### DATA
*** Block opens ***
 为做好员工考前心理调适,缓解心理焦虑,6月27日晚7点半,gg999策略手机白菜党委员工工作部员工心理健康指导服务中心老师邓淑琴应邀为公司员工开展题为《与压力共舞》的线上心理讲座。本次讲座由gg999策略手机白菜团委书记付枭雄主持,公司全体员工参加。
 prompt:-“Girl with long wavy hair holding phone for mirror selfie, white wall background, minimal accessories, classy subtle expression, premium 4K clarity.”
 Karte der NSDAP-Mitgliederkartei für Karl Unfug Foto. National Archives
*** Block closes ***
*** Block opens ***
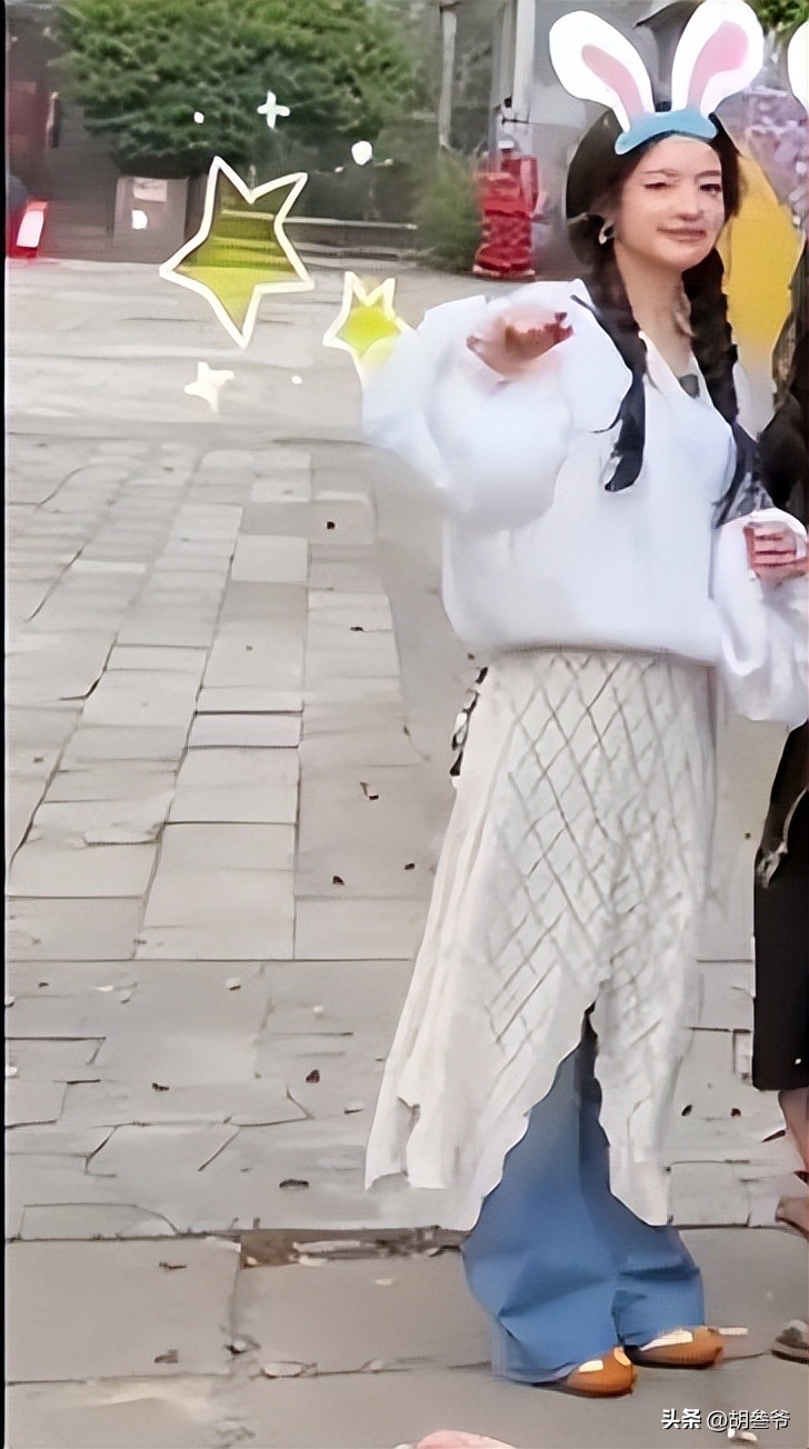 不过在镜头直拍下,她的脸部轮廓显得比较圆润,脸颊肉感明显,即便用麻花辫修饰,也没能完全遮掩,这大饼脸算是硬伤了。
*** Block closes ***
### WORK ITEM
From the records above, print exactly the lines that run from the line with "为做好员工考前心理调适,缓解" to the line with "Karte der NSDAP-Mitgliederkartei", inclusive.

### RESULT BELOW
 为做好员工考前心理调适,缓解心理焦虑,6月27日晚7点半,gg999策略手机白菜党委员工工作部员工心理健康指导服务中心老师邓淑琴应邀为公司员工开展题为《与压力共舞》的线上心理讲座。本次讲座由gg999策略手机白菜团委书记付枭雄主持,公司全体员工参加。
 prompt:-“Girl with long wavy hair holding phone for mirror selfie, white wall background, minimal accessories, classy subtle expression, premium 4K clarity.”
 Karte der NSDAP-Mitgliederkartei für Karl Unfug Foto. National Archives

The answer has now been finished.